The AFC followed an adaptive 1-up 2-down rule. The threshold was determined after four reversals. The initial step size was 8 dB. After each upper reversal, the step size was decreased to 4 dB and finally to 2 dB. The last four reversals at the smallest step size were averaged to determine the threshold. The starting level was set to 70 dB sound pressure level (SPL) and was increased in case the participant chose the wrong interval until a maximum level of 80 dB SPL. All signals were generated with a duration of 0.5 s including 25 ms raised-cosine ramps at onset and offset with a sampling frequency of 48 kHz.
The BA consisted of 50 trials. Each trial contained three tone pulses. Three pulses were chosen to decrease the chance for the participant to confuse it with a potential steady tinnitus. Each pulse had a duration of 250 ms with a rise/fall time of 20 ms and 100 ms silence between pulses. All signals were generated with a sampling frequency of 48 kHz. The first tone was presented at 60 dB SPL at 12 kHz. The maximum level was 80 dB SPL. To quantify bias effects due to lapses in attention, five silent trials (in addition to the 50 trials) were randomly presented.
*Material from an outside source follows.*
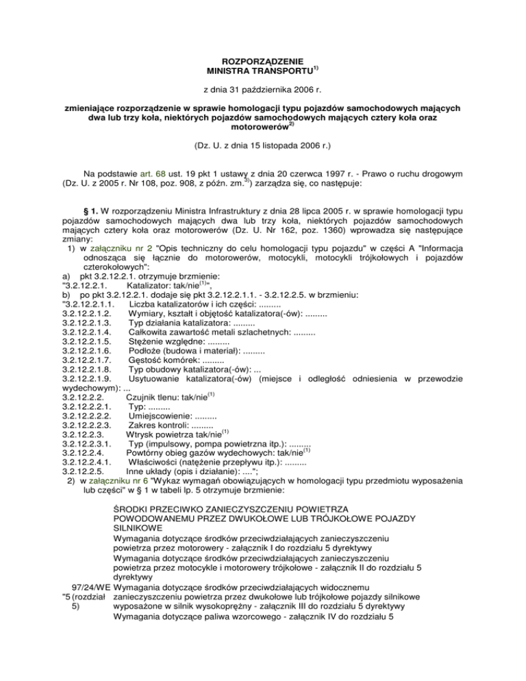 ROZPORZĄDZENIE 1) MINISTRA TRANSPORTU z dnia 31 października 2006 r. zmieniające rozporządzenie w sprawie homologacji typu pojazdów samochodowych mających dwa lub trzy koła, niektórych pojazdów samochodowych mających cztery koła oraz 2) motorowerów (Dz. U. z dnia 15 listopada 2006 r.) Na podstawie art. 68 ust. 19 pkt 1 ustawy z dnia 20 czerwca 1997 r. - Prawo o ruchu drogowym 3) (Dz. U. z 2005 r. Nr 108, poz. 908, z późn. zm. ) zarządza się, co następuje: § 1. W rozporządzeniu Ministra Infrastruktury z dnia 28 lipca 2005 r. w sprawie homologacji typu pojazdów samochodowych mających dwa lub trzy koła, niektórych pojazdów samochodowych mających cztery koła oraz motorowerów (Dz. U. Nr 162, poz. 1360) wprowadza się następujące zmiany: 1) w załączniku nr 2 "Opis techniczny do celu homologacji typu pojazdu" w części A "Informacja odnosząca się łącznie do motorowerów, motocykli, motocykli trójkołowych i pojazdów czterokołowych": a) pkt 3.2.12.2.1. otrzymuje brzmienie: (1) "3.2.12.2.1. Katalizator: tak/nie ", b) po pkt 3.2.12.2.1. dodaje się pkt 3.2.12.2.1.1. - 3.2.12.2.5. w brzmieniu: "3.2.12.2.1.1. Liczba katalizatorów i ich części: ......... 3.2.12.2.1.2. Wymiary, kształt i objętość katalizatora(-ów): ......... 3.2.12.2.1.3. Typ działania katalizatora: ......... 3.2.12.2.1.4. Całkowita zawartość metali szlachetnych: ......... 3.2.12.2.1.5. Stężenie względne: ......... 3.2.12.2.1.6. Podłoże (budowa i materiał): ......... 3.2.12.2.1.7. Gęstość komórek: ......... 3.2.12.2.1.8. Typ obudowy katalizatora(-ów): ... 3.2.12.2.1.9. Usytuowanie katalizatora(-ów) (miejsce i odległość odniesienia w przewodzie wydechowym): ... (1) 3.2.12.2.2. Czujnik tlenu: tak/nie 3.2.12.2.2.1. Typ: ......... 3.2.12.2.2.2. Umiejscowienie: ......... 3.2.12.2.2.3. Zakres kontroli: ......... (1) 3.2.12.2.3. Wtrysk powietrza tak/nie 3.2.12.2.3.1. Typ (impulsowy, pompa powietrzna itp.): ......... (1) 3.2.12.2.4. Powtórny obieg gazów wydechowych: tak/nie 3.2.12.2.4.1. Właściwości (natężenie przepływu itp.): ......... 3.2.12.2.5. Inne układy (opis i działanie): ...."; 2) w załączniku nr 6 "Wykaz wymagań obowiązujących w homologacji typu przedmiotu wyposażenia lub części" w § 1 w tabeli lp. 5 otrzymuje brzmienie: ŚRODKI PRZECIWKO ZANIECZYSZCZENIU POWIETRZA POWODOWANEMU PRZEZ DWUKOŁOWE LUB TRÓJKOŁOWE POJAZDY SILNIKOWE Wymagania dotyczące środków przeciwdziałających zanieczyszczeniu powietrza przez motorowery - załącznik I do rozdziału 5 dyrektywy Wymagania dotyczące środków przeciwdziałających zanieczyszczeniu powietrza przez motocykle i motorowery trójkołowe - załącznik II do rozdziału 5 dyrektywy 97/24/WE Wymagania dotyczące środków przeciwdziałających widocznemu "5 (rozdział zanieczyszczeniu powietrza przez dwukołowe lub trójkołowe pojazdy silnikowe 5) wyposażone w silnik wysokoprężny - załącznik III do rozdziału 5 dyrektywy Wymagania dotyczące paliwa wzorcowego - załącznik IV do rozdziału 5 dyrektywy Wzór opisu technicznego środków przeciwdziałających zanieczyszczeniu powietrza przez określony typ dwukołowego albo trójkołowego pojazdu silnikowego - załącznik V do rozdziału 5 dyrektywy Wzór świadectwa homologacji środków przeciwdziałających zanieczyszczeniu powietrza przez określony typ dwukołowego lub trójkołowego pojazdu silnikowego - załącznik VI do rozdziału 5 dyrektywy Homologacja typu zamiennych katalizatorów traktowanych jako oddzielny zespół techniczny dwu- lub trzykołowych pojazdów silnikowych - załącznik VII do rozdziału 5 dyrektywy" 3) w załączniku nr 9 "System numerowania świadectw homologacji typu i znakowania": a) w części A "System nadawania numerów świadectw homologacji typu WE" w pkt 1 Pole 1 otrzymuje brzmienie: "Pole 1: mała litera "e" i następujący po niej numer (lub kod) wyróżniający Państwa Członkowskiego wydającego homologację typu: 1 - Niemcy; 2 - Francja; 3 - Włochy; 4 - Niderlandy; 5 Szwecja; 6 - Belgia; 7 - Węgry; 8 - Czechy; 9 - Hiszpania; 11 - Zjednoczone Królestwo; 12 - Austria; 13 - Luksemburg; 17 - Finlandia; 18 - Dania; 20 - Polska; 21 - Portugalia; 23 - Grecja; 24 - Irlandia; 26 - Słowenia; 27 - Słowacja; 29 - Estonia; 32 - Łotwa; 36 - Litwa; 49 - Cypr; 50 - Malta.", b) w części B "Znak homologacji typu" pkt 1.1. otrzymuje brzmienie: "1.1. prostokąta otaczającego małą literę "e", z następującym po niej numerem wyróżniającym Państwa Członkowskiego, które udzieliło homologacji typu: 1 - Niemcy 2 - Francja 3 - Włochy 4 - Niderlandy 5 - Szwecja 6 - Belgia 7 - Węgry 8 - Czechy 9 - Hiszpania 11 - Zjednoczone Królestwo 12 - Austria 13 - Luksemburg 17 - Finlandia 18 - Dania 20 - Polska 21 - Portugalia 23 - Grecja 24 - Irlandia 26 - Słowenia 27 - Słowacja 29 - Estonia 32 - Łotwa 36 - Litwa 49 - Cypr 50 - Malta"; (14) 4) w załączniku nr 11 "Wzory wyciągów ze świadectwa homologacji typu pojazdu" przypis otrzymuje brzmienie: 14) " W pozycji nr 50 należy podać dane niezbędne do rejestracji pojazdu: rodzaj, podrodzaj (o ile dotyczy), rok produkcji, masa własna (w kg), dopuszczalna ładowność (w kg), liczba miejsc siedzących, największy dopuszczalny nacisk osi (w kN), dopuszczalna masa całkowita pojazdu (w kg). Ponadto w punkcie tym można umieszczać wszystkie inne informacje dodatkowe, uznane za istotne przez producenta pojazdu."; 5) w załączniku nr 13 "Wykaz jednostek upoważnionych do przeprowadzania badań homologacyjnych oraz kontroli zgodności produkcji lub montażu" w tabeli pkt 4 otrzymuje brzmienie: - do badań homologacyjnych typu przedmiotu "4) Przemysłowy wyposażenia lub części pojazdu według Instytut dyrektyw(*) Motoryzacji, ul. 97/24/WE (C8, C9, C10, C11), 93/14/EWG, Jagiellońska 55, 03- 93/30/EWG, 93/33/EWG, 93/32/EWG oraz 301 prowadzenia WARSZAWA kontroli zgodności produkcji w tym zakresie; - do badań homologacyjnych typu przedmiotu wyposażenia lub części poja
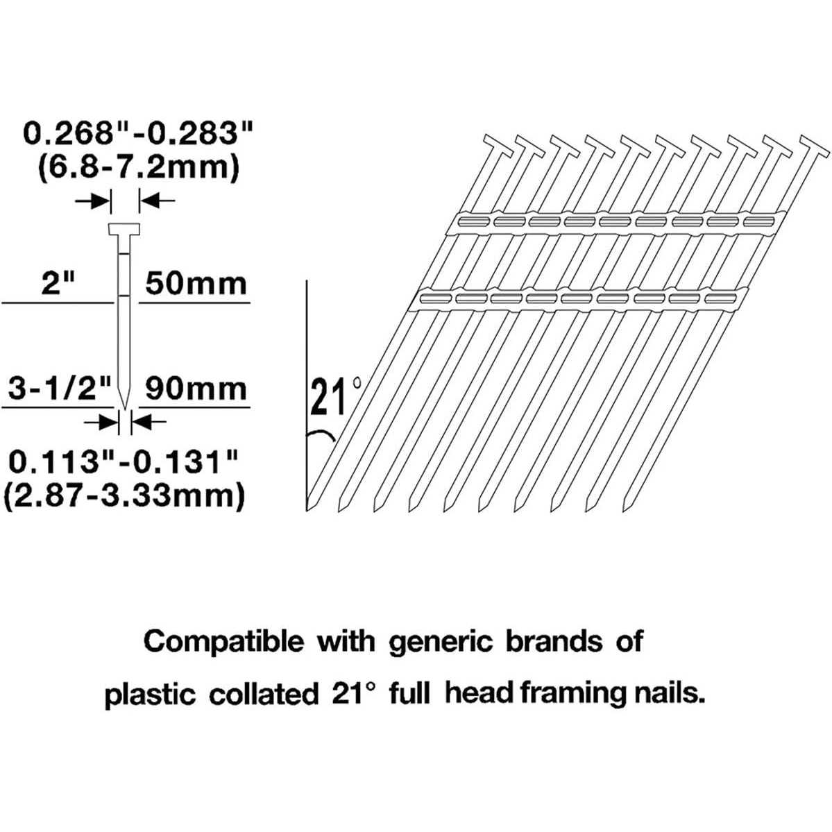 - Compatible Nails: 21 degree plastic collated full round head framing nails from 2″ – 3-1/2″ L and 0.113″ – 0.131″ diameter

The starting level for each test was based on piloting data. The selected levels provided a clearly audible signal in most cases. An impact of this difference in the starting levels cannot be excluded but is unlikely because of the applied adaptive procedure and the rather small difference in starting levels.
The BA was based on Schlittenlacher et al. (2018), but with a length scale of 0.5 octave. The length scale defines how much an estimate is affected by data gathered at adjacent frequencies, and is used in the kernel of the underlying Gaussian process (for details, see Schlittenlacher et al. 2018). In summary, the algorithm uses the available data to determine the frequency/level combination that maximally reduces uncertainty. Following the first tone, frequencies with a distance of 0.25 octave are tested in order to obtain an initial estimate of the threshold at these frequencies. At each frequency, at least one positive (“I heard the tone”) and one negative answer (“I did not hear the tone”) were collected. Thereafter, a continuous function is fitted using a Gaussian process. The fit is updated after each trial to provide a probabilistic estimate of the detection probability for each frequency and level. The BA aims to maximize the information in each trial to cover the desired spectral range. In the final step, it determines the threshold is the level where the detection probability is 50%. The use of an initial grid is not mandatory, but makes the algorithm more robust, and overall, the algorithm leads to a reduction in measurement time (Casolani et al., 2020).
It should be noted that the three tests target different points on the psychometric function for the detection threshold. The SA defines the threshold as the lowest level heard after a bracketing procedure controlled by the operator of the audiometer. With the procedure used in this study (two responses out of three presentations at a single level needed to determine the threshold), this targets an off-center point above 50% on the psychometric function. Other common procedures used in SA lead to a 50% point. While there might be a small difference, the expected difference can be assumed small in the context of clinically relevant precision. The AFC with the used 1-up-2-down procedure targets the 71% point on the psychometric function. Hence, this might lead to a higher threshold estimate than that of the standard test, in addition to systemic biases between methods, which together amounted to about 2 dB between BA and SA up to 8 kHz in Schlittenlacher et al. (2018). The BA returns the 50% contour across the evaluated frequency interval.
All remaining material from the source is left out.